Everyone ends up looking silly. But maybe it doesn’t matter. The result stays the same and soon there will be something else to get all worked up about. We can mostly ignore it all if we want to. It’s all just noise.

Except I think it probably does matter. Why? Because we are all talking about a penalty that was probably a penalty and we end up ignoring what actually happened in the game. Which is an away team went down to 10 men and then managed to play a home team off the park.

Pardew maybe deep down knows this so tries to talk about the referee, and everyone lets him. Because they are desperate to ramp up the drama of the Premier League.

So Damien Delaney gets to say ridiculous things like: “I can honestly say I didn’t make contact with Benteke today” even though there is a camera pointed at him recording him making contact. And no-one pulls him up about it, because we’re not going to let the fact get in the way of the latest twist in the Premier League soap opera.

I can honestly say I didn’t make contact with benteke today and IF there was slight contact I didnt impede him and certainly didn’t feel there was enough to award a penalty in the 96th min… If a penalty is awarded that late it has to be unequivocal, I waited over an hour to speak with the officials and in fairness to Andre Marriner he said he didn’t think it was a penalty but he trusted his linesman that much he awarded it. With the way the game was ref’d and the physicality of both teams it was unbelievably harsh. With how Wilfred and Yannick were man handled by Liverpool players over the course of the game, which I’ve no problem with, it was a really tough decision to take so late. All I can do is swallow it and hope to put this right. 🔴🔵🔴🔵

A photo posted by Damien Delaney 🚮♻️ (@ddelaney27) on

Soon there is a petition set up by a Crystal Palace fan asking for Liverpool to be docked points and Christian Benteke to be beheaded.

You should be more concerned with your own team, mate — they haven’t won since before Christmas.

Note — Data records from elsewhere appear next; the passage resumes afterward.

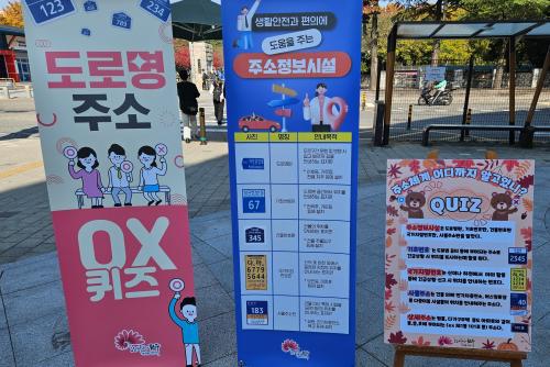 À̹ø Çà»ç´Â ÇÑ¿Á¸¶À»°ú ´ëÇзΠµî ½Ã¹ÎµéÀÇ ¿Õ·¡°¡ ÀæÀº °÷¿¡¼ ±¹°¡ÁöÁ¡¹øÈ£, »ç¹°ÁÖ¼Ò µî ÁÖ¼ÒÁ¤º¸½Ã¼³À» ½Ã¹Îµé¿¡°Ô ¾Ë¸®±â À§ÇØ ±¸»óµÆ´Ù. Çà»ç´Â ÇØ´ç Áö¿ªÀ» ¿À°¡´Â ½Ã¹ÎÀ» »ó´ë·Î OXÄûÁ ÁøÇàÇØ Á¤´äÀÚ¿¡°Ô ¼ÒÁ¤ÀÇ »óǰÀ» Àü´ÞÇÏ´Â ¹æ½ÄÀ¸·Î ÁøÇàµÆ´Ù.
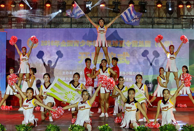 8月8日,秦皇島市第五中學(xué)健美操隊(duì)在開營儀式上表演足球拉拉操《舞動青春》。當(dāng)日,2016年全國青少年校園足球夏令營總營(小學(xué))在國家體育總局秦皇島訓(xùn)練基地(中國足球?qū)W校)開營。該夏令營由全國青少年校園足球工作領(lǐng)導(dǎo)小組辦公室主辦,河北省教育廳、秦皇島市人民政府承辦。活動為期10天,將有全國31個省區(qū)市和新疆生產(chǎn)建設(shè)兵團(tuán)的448名少年足球運(yùn)動員入營參加訓(xùn)練和比賽。新華社記者楊世堯攝
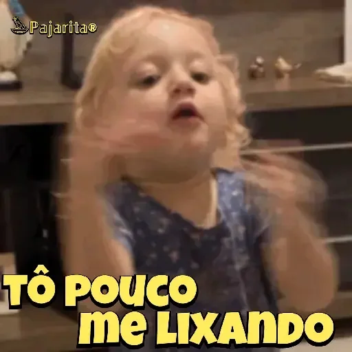 Menina loira com expressão de surpresa ou descrença, texto 'TÔ POUCO me LIXANDO' em amarelo na parte inferior.
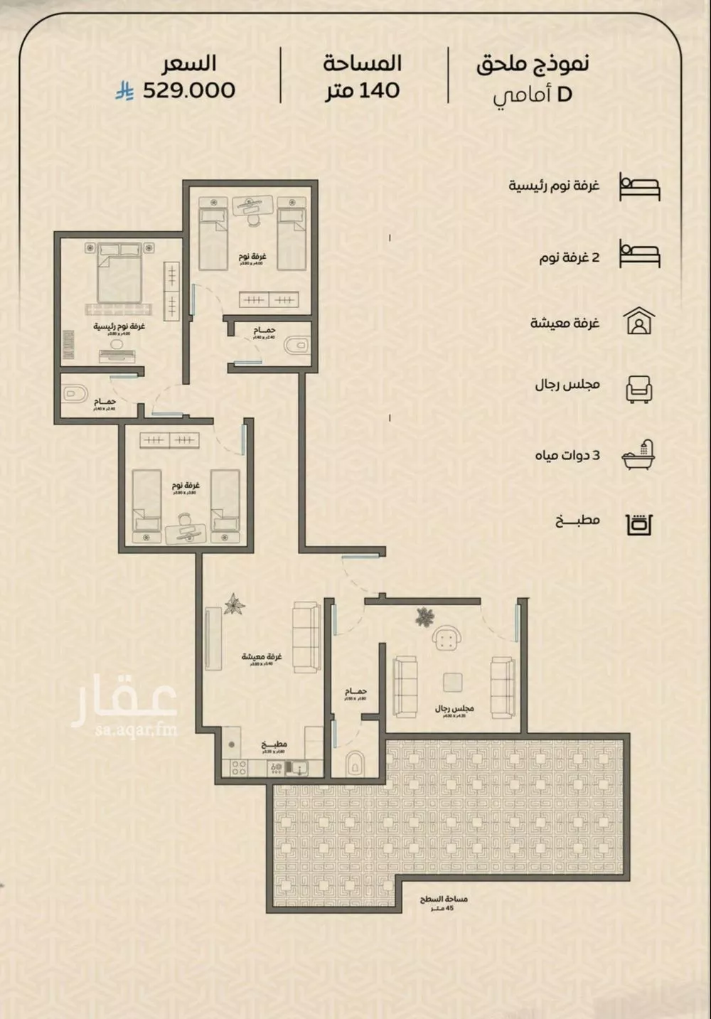 عرض على Aqarشقة 4 غرف المساحة 140م السعر 529 الف
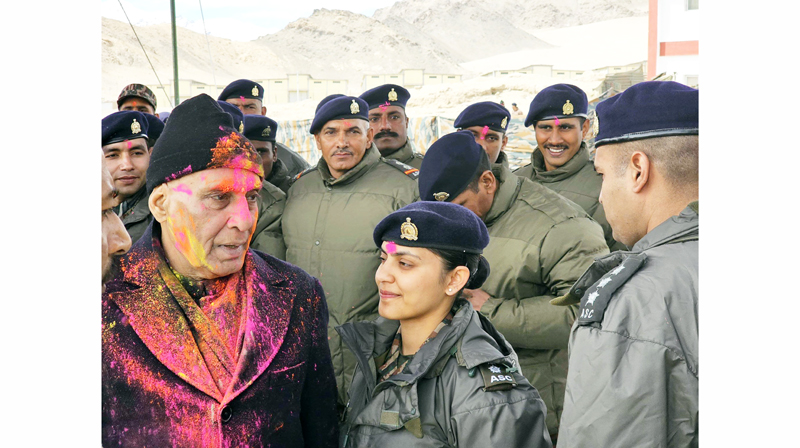 Addressing the soldiers in Leh after celebrating Holi with them, Rajnath said : “We are progressing and leading a happy life as our vigilant soldiers stand ready at the borders. Entire country feels safe because the brave soldiers are protecting the borders’’.
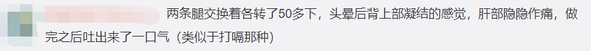 网友:两条腿交换着各转了50多下,头晕、后背上部有凝结的感觉,肝部隐隐作痛,做完之后吐出来了一口气(类似于打嗝那种)。
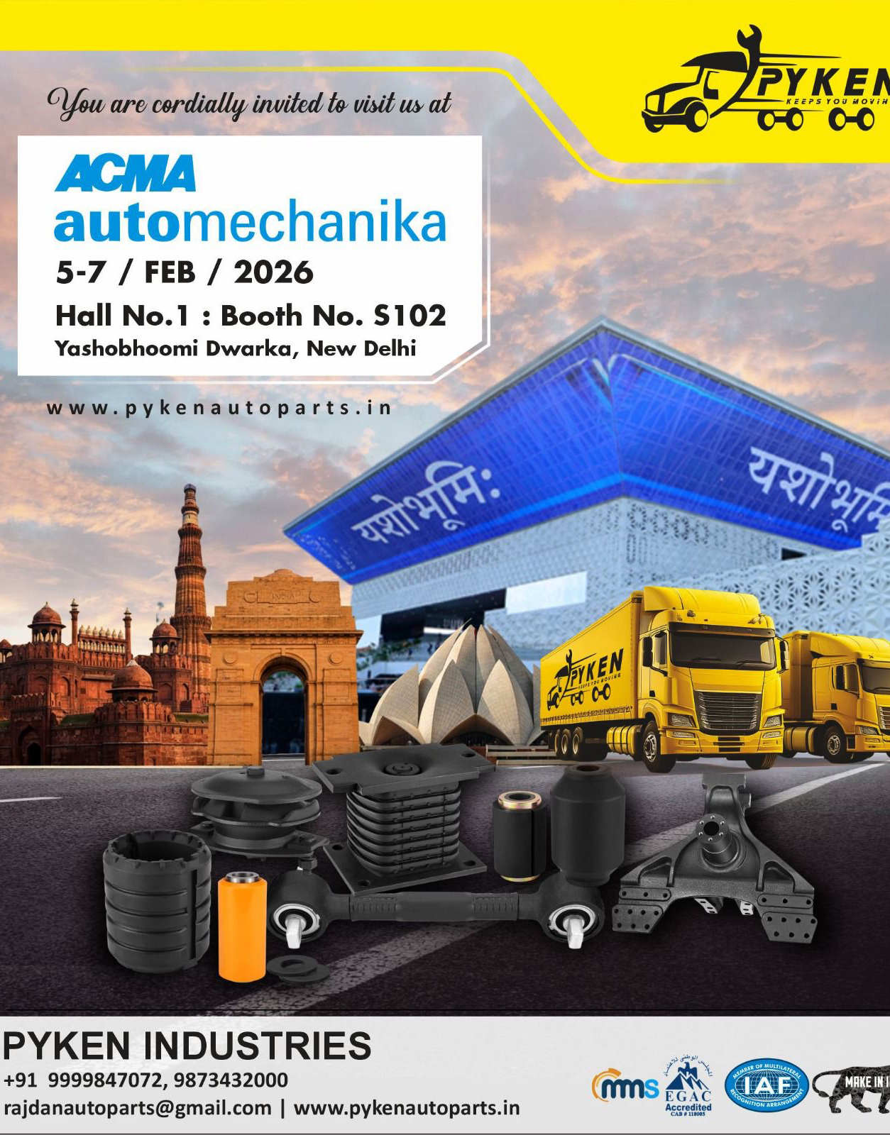 You are cordially invited to visit Pyken at ACMA Automechanika 2026 to experience our advanced range of heavy commercial vehicle spare parts designed for performance, safety, and style. Location: Hall 1, Booth No. S102 Dates: February 5, 6 & 7, 2026 Discover next-generation automotive solutions that redefine innovation, durability, and driving experience. We look forward to your presence
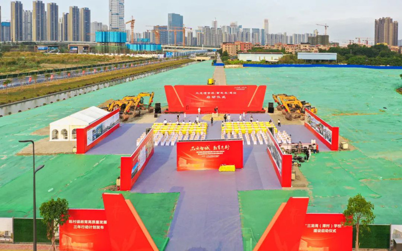 据悉,三龙湾学校(暂定名)是一所九年一贯制国有民办学校,总占地面积92.5亩,建筑面积超13万平方米,由陈村镇人民政府投入7亿元建设,计划引进广州名校进行合作办学,建成84个班的办学规模,提供3900个优质学位,实现小学、初中全寄宿,预计2022年9月投入使用。陈村将以“四个一流”(一流的办学理念、一流的师资队伍、一流的教育设施、一流的教育质量)为目标,将该校打造成为陈村、顺德,乃至整个粤港澳大湾区内的教育标杆。

He’s demanding “the FA look into the decision”. How about demanding his football team look into why Liverpool looked much fitter despite playing a third of the game with 10 men? Or why his manager can’t get more out of a talented group of players? Or why a defender was rolling around the floor in the penalty area in the first place?

I’m not picking on Palace, their manager or their fans. It’s a Premier League-wide issue.

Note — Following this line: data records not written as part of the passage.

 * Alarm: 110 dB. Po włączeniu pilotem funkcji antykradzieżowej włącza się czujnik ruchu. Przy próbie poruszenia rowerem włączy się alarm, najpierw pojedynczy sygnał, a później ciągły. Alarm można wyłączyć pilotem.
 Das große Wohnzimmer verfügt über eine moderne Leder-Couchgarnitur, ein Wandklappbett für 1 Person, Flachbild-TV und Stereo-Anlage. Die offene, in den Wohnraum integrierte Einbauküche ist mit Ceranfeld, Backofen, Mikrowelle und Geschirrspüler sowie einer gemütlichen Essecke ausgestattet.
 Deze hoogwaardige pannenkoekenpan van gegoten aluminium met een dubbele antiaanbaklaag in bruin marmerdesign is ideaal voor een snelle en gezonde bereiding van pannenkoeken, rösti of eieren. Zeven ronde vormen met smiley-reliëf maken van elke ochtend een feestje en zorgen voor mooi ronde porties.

By focusing too much on the incident we have allowed an excuses to reign.

By immediately switching the narrative to the referee, Alan Pardew can say they lost the game because of a bad decision, instead of the fact that their players didn’t seem to have the energy or belief to go on and try to win it themselves.

It’s a self-preservation tactic to buy time, but it shouldn’t be allowed to pass. We should be cutting through the crap, but instead we are happy to help spread it around.

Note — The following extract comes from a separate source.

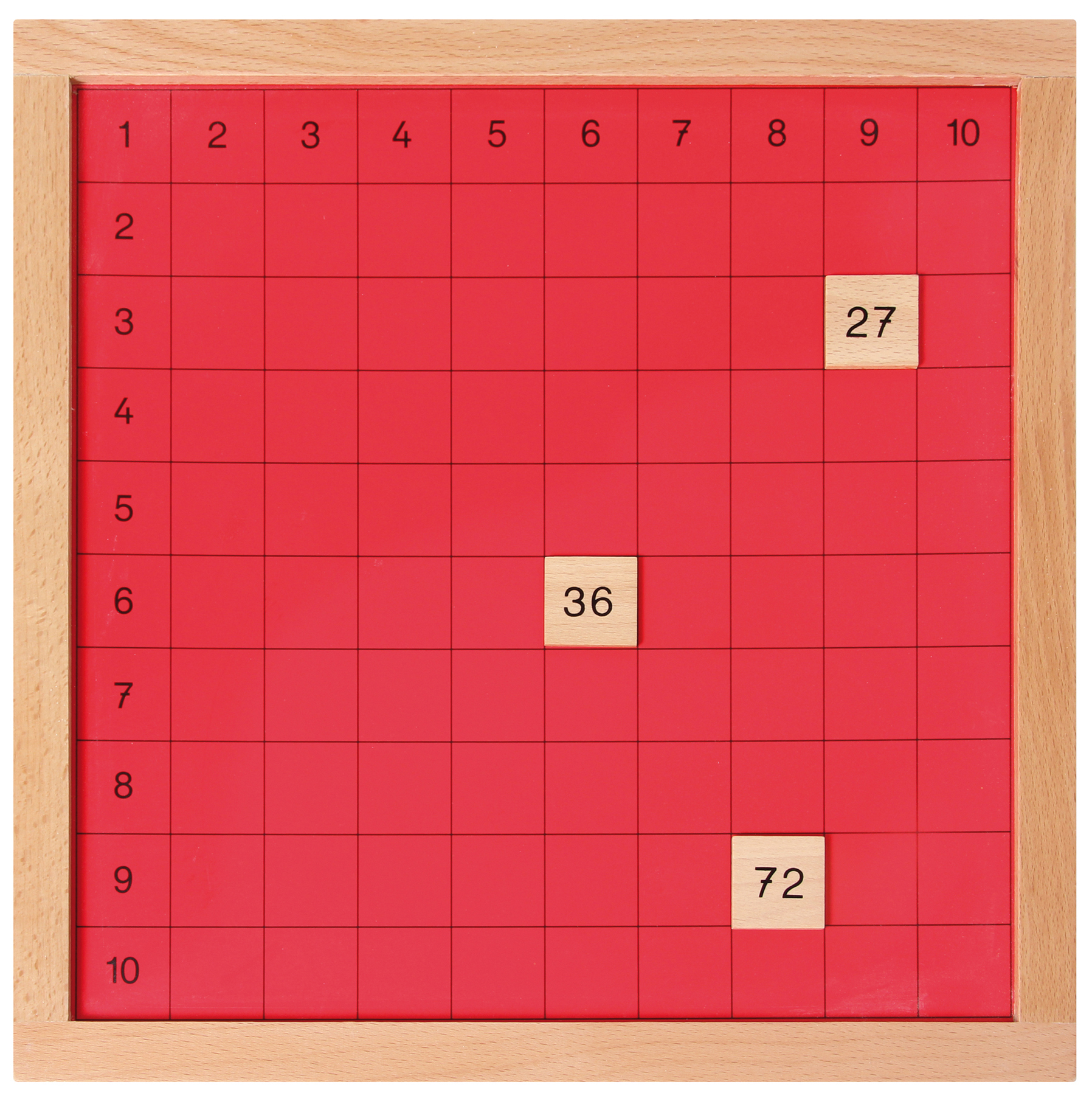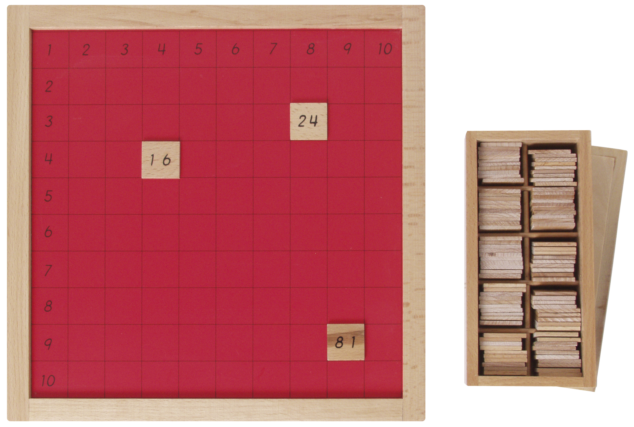 Das Material besteht aus einem Brett mit 100 eingezeichneten Quadraten und 100 Zahlenplättchen (mit den Ergebnissen des kleinen Einmaleins) im Kasten. Alles aus Holz. Damit lernt man das kleine Einmaleins. Selbstkontrolle durch Kontrolltafel, Art.-Nr. 109599. Größe des Brettes: 34 x 34 x 1,5 cm. Ab 5 Jahren.

LONDON, ENGLAND - Sunday, March 6, 2016: Crystal Palace's manager Alan Pardew during the Premier League match against Liverpool at Selhurst Park. (Pic by David Rawcliffe/Propaganda)

Managers actually start to believe they are just hard done to and it transmits to players, which can be damaging to a football club.

If you are just being beaten by bad calls and bad luck then what are you meant to do? By absolving Delaney of any responsibility the manager is doing the player and the club he is paid by a disservice. No-one learns any lessons, it’s just a new hard=luck story.

Here is Delaney talking in the cold light of day about recent events: “That’s the best we’ve played for a long time, so you kind of ask yourself: ‘What do we have to do to win a game?’”

Oh I don’t know. Train harder? Get fitter? Play better? Kick the ball in the goal more than the other team?

“I don’t know, maybe someone’s put a spell or something on us.”

A spell! Was it a spell to jump on the floor and slide at a Liverpool striker in injury time, Damien? Maybe you are just doing daft things, mate.

Some might say what a manager says in public and in private are very different, but these don’t seem like footballers who are aware of doing anything wrong.

That’s because it’s in everyone’s interest — the manager, the players and seemingly television — to focus on a referee and his assistant. Talk about an incident instead of a game. Feed the drama and bury the uncomfortable truth.  It’s just another form of cheating isn’t it?